Mycobacterium tuberculosis (Mtb), the causative agent of tuberculosis (TB), poses a continuing threat to patients due to the emergence and spread of antimicrobial resistance. Host immune cells are equipped with cytosolic sensors to detect invading pathogens and initiate anti-infectious responses, but how pathogens such as Mtb undermine host intracellular surveillance for persistent infection remains incompletely understood.
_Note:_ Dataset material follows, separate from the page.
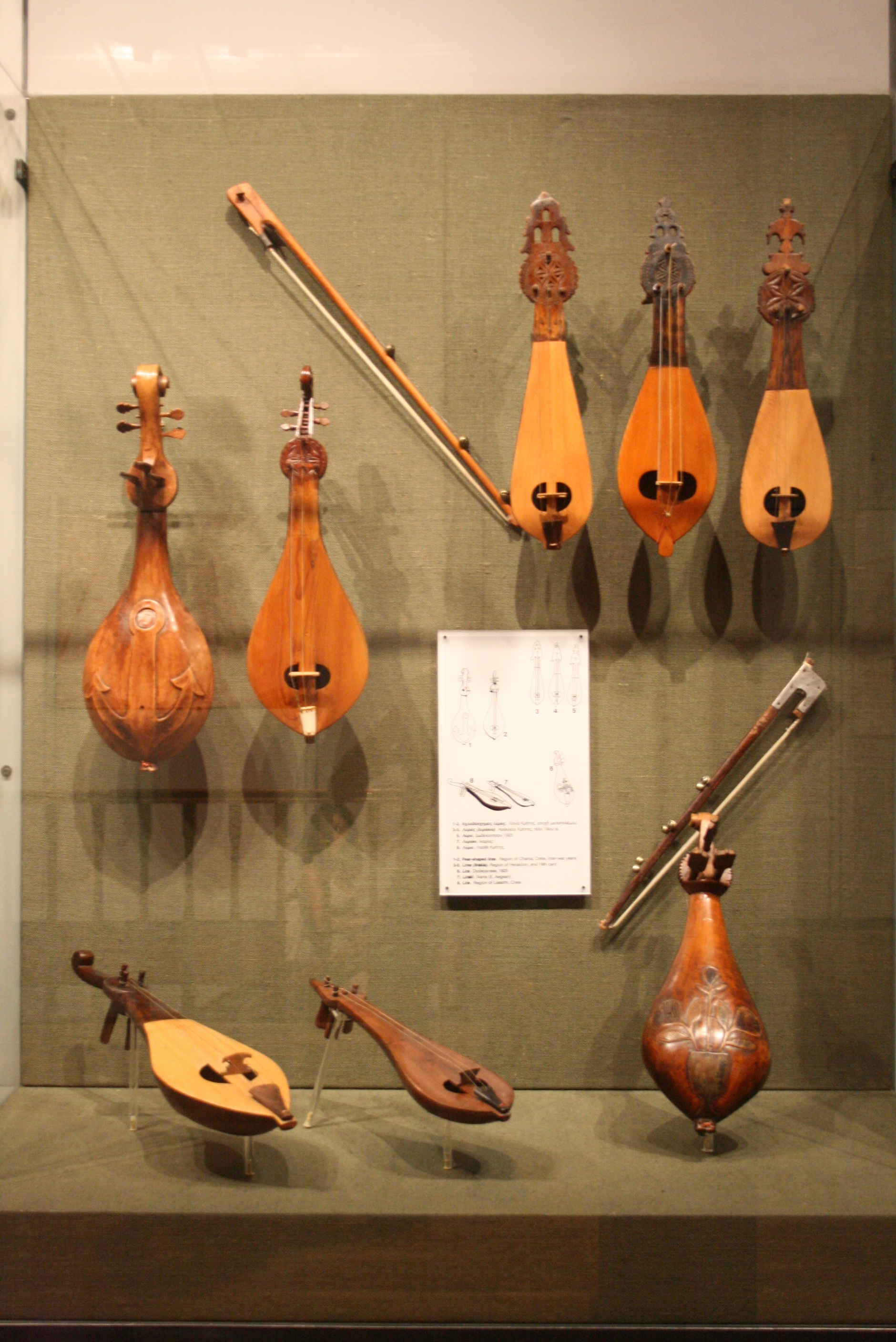 Different types of lyres from Crete in the Museum of Greek Traditional Music Instruments in Athens

Recently, Prof. LIU Cui Hua’s group at the Institute of Microbiology of Chinese Academy of Sciences (IMCAS) revealed a pathogenic mechanism by which Mtb hijacks the host linear ubiquitin machinery to drive inflammasome sensor NLRP3 degradation, thereby counteracting host intracellular immune surveillance (Figure 1). This work was published in Cell Reports.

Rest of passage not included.